Si hay algo que inquieta a Cédric Kahn desde hace años es el drama surgido a partir del comportamiento humano errático. En El creyente, su última película estrenada comercialmente, el director galo despliega todo su interés sobre un personaje venido a menos que debe encontrar un camino en la vida, y un sentido personal a la reflexión cristiana. Lo hace desde la fiereza juvenil y los restos de droga en el organismo, encerrando al joven pese a estar en plena naturaleza.
Estos detalles parecen replicar otros momentos de su cinematografía. Con una historia totalmente ajena, pero capaz de buscar senderos paralelos para llegar a un límite que obliga a la reflexión, Kahn rodó en 2004 Luces rojas (Feux rouges en su título original), donde también exprimía hasta el límite a un actor (en esta ocasión de mediana edad y con una obsesión impuesta por el alcohol) para destruir y recomponer un personaje más complejo de lo que su apariencia deja ver.
Jean-Pierre Darroussin, el favorito de Robert Guédiguian, con el que ha contado cualquier director de talante intimista francés que pueda venir a la memoria, consigue aquí ser el hombre incómodo y poco soportable que la historia pedía a gritos. Un tipo gris, que desde la primera escena transmite en sus carnes no sentirse cómodo en una vida anodina.

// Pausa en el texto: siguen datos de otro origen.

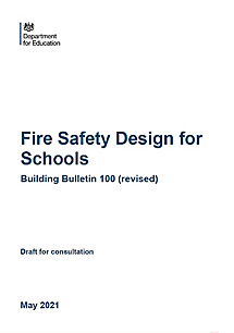 -The Building Bulletin 100 (BB 100) produced by the Department for Education - The guidance covers life safety (compliance with the Building Regulations), school-specific fire risks, property protection and fire safety management (p6). >More Information The Building Bulletin 100 (BB 100)<
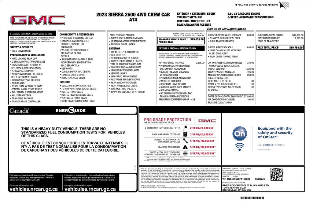 Heavy-duty capability meets premium refinement in this 2023 GMC Sierra 2500HD AT4, finished in striking Ebony Twilight Metallic over Jet Black with Kalahari Accents Perforated Leather-Appointed Seating. Built for serious towing and off-road performance, this AT4 is equipped with the right packages to handle demanding workloads while maintaining upscale comfort.
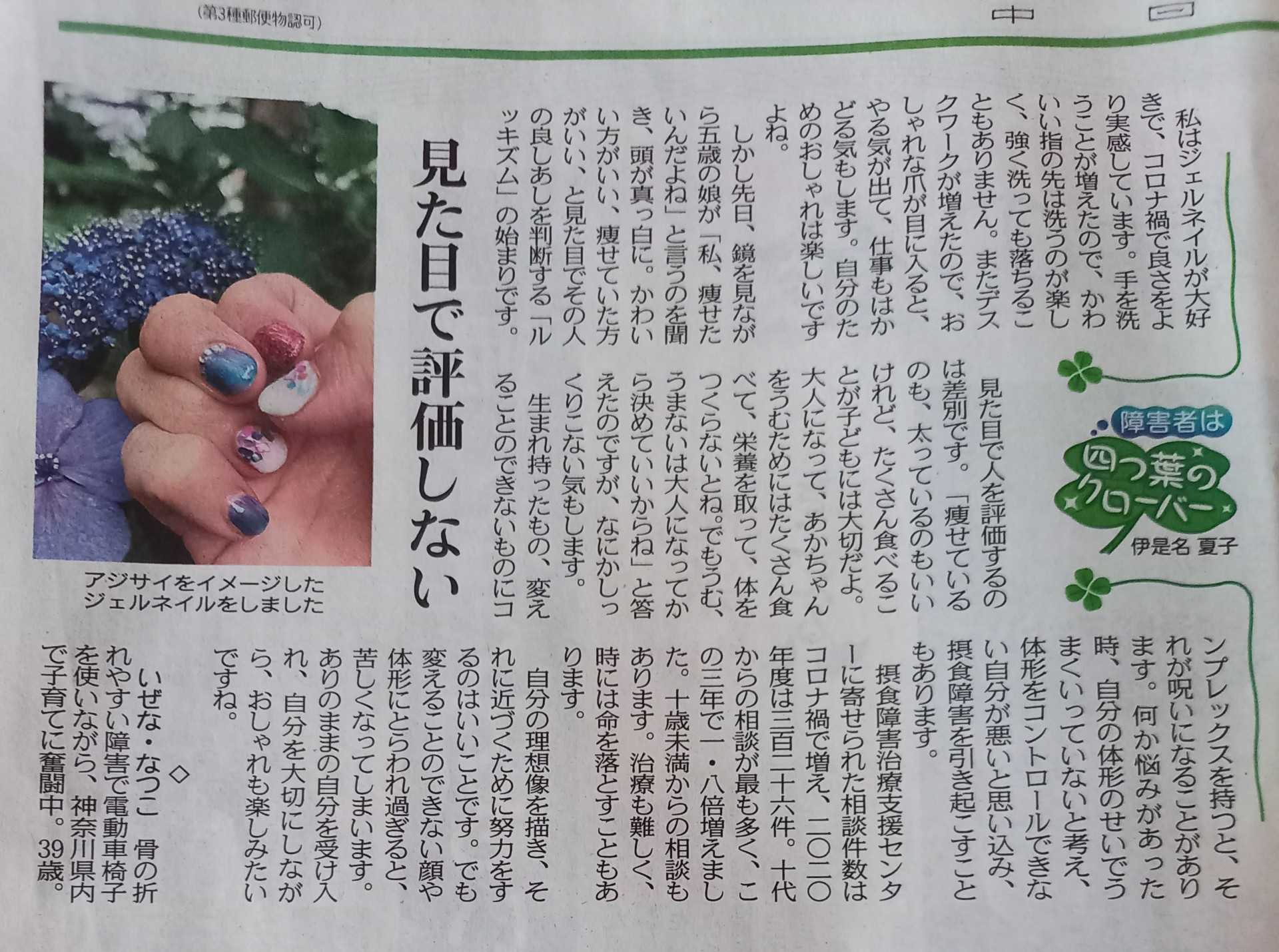 中日新聞 伊是名夏子 障害者は四つ葉のクローバー 見た目で評価しない ルッキズムと言いたいだけな
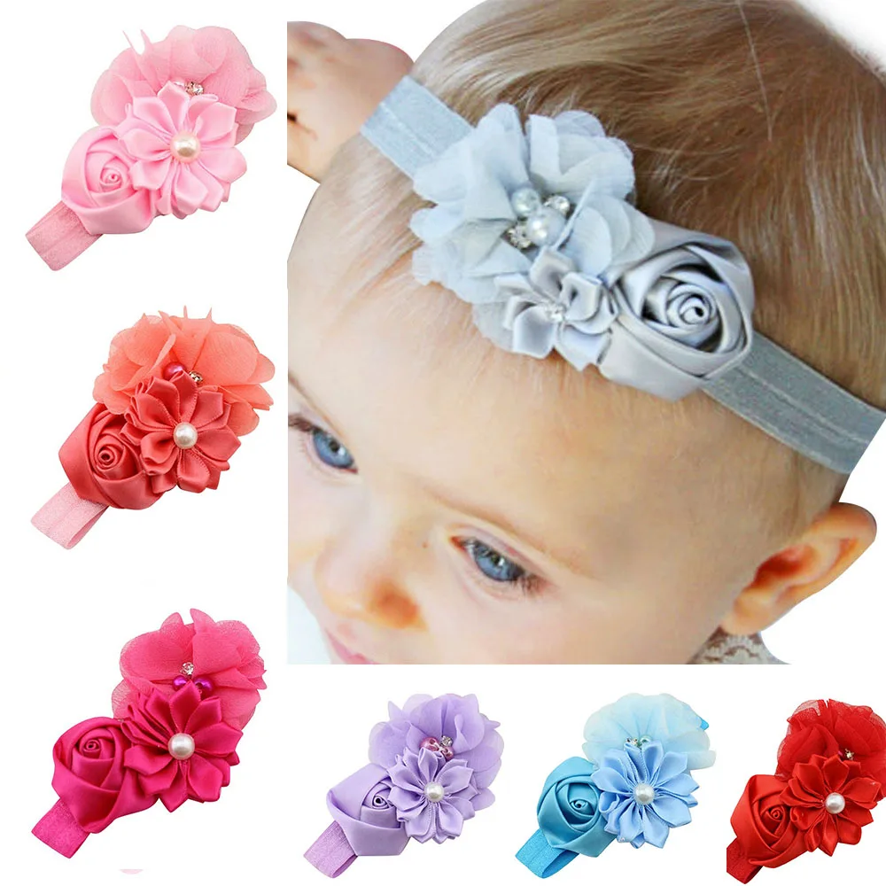 Оптовая продажа, 10 шт./партия, 2019 г., нарядная атласная Цветочная эластичная повязка для волос, аксессуары для волос
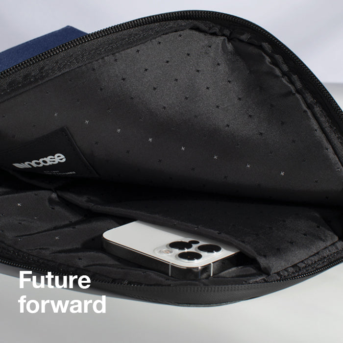Designed to show off the shape of your device while never compromising on style or protection. Made with recycled twill and an internal organization pocket to store cords, accessories, papers, and more.
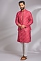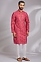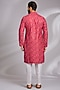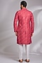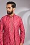 Featuring a red bundi jacket in cotton silk base with sequins and resham embroidery. It is paired with a kurta and off-white dupion silk mexican pants. Style it with mojaris for a festive celebration, reception, wedding or engagement ceremony.
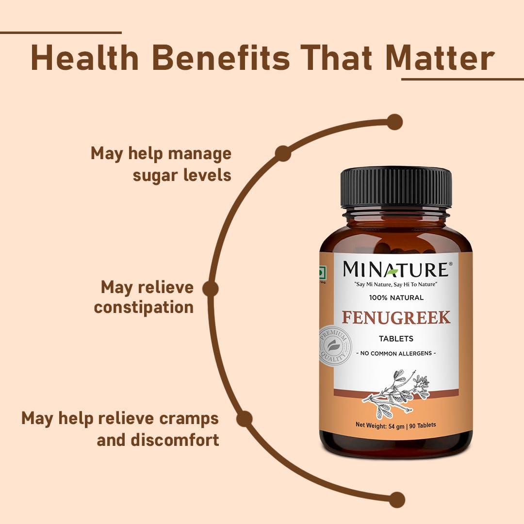 mi nature Fenugreek seed Tablets (methi Dana powder Tablets) | For immunity and Digestion| NON-GMO |Plant Based | 90 Tablets 45 Day supply

Muertos en accidentes de tráfico sonando en las noticias locales, copas rellenas de whisky o cerveza y una esposa —aquí hace acto de presencia una contenida Carole Bouquet— distante por rutina, son el combustible que necesita una road movie que no sigue las pautas de aventura en carretera, más bien concentra los hechos en las reducidas distancias de un coche moviéndose de noche por carreteras secundarias. Cédric Kahn decide usar el género cambiante, tintando a veces su drama de thriller para ir despojando completamente a su protagonista de cualquier atisbo de dignidad.
De la incomodidad al desquicie, Darroussin va empleando su distorsionada memoria ahogada en alcohol para interpretar la situación que le toca vivir. Un viaje para reunir a la familia se va transformando en una corrosiva aventura de extraños enfrentados a sus propios demonios, eliminando la capacidad de razonamiento del hombre.
El paisaje, oscuro y desconocido, se convierte en el principal elemento de tensión del film. El coche es el cubículo del que entra y sale su protagonista para alimentar el descontrol que suscita su viaje a ninguna parte, que nos lleva a pensar en ocasiones en esos conductores ensimismados que empleaba el propio Hitchcock, aunque en esta ocasión no es un mero trámite, sino el centro de toda la rabia contenida, violencia después y confrontación final que no son más que señas identitarias de aquel que necesita tocar fondo para, a su vez, implorar un camino por el que volver a sacar la cabeza.
Lo atractivo de Luces rojas no es solo esa acertada elección para el papel protagónico, es que sabe apartar la mirada de la autodestrucción personal con la aparición de un tercer ente perturbador: el hombre fugado. Ya no solo interesa el caos, también lo hacen los efectos de lo intrusivo, mérito de Georges Simenon y la novela en la que se basa el film
Aunque los elementos son escasos, Luces rojassorprende por seguir el ritmo entrecortado de una mente manchada de alcohol —no solo emplea el desenfoque subjetivo de su mirada en más de una ocasión, también aparecen lapsos temporales que pierde el espectador como ha hecho el protagonista, para ser cada vez más partícipes de su situación—, y la solidez con la que retoma el gusto de Kahn por arrasar al individuo en silencio, sin artificios, mostrando de frente esos oscuros pasajes del hombre prototípico en sociedad, para dejarlo caer en picado hasta necesitar su propia redención, una que le lleve a buscar vías con las que adaptarse al mundo, asumiendo que lo contrario no va a suceder.
Del reduccionismo a la liberación, Luces rojas aspira a ser un thriller psicológico preferente, donde la psique de un absoluto perdedor, padre de familia y ofendido profesional, sabe enclaustrarnos en su vacío existencial hasta quererle empujar hacia la salida más cercana, reconciliándonos lo justo con ese ser zafio que conocimos al inicio del metraje. Kahn sabe más sobre la salvación de las almas de lo que demuestra con El creyente, y Luces rojas es posiblemente una de sus mejores aproximaciones al tema.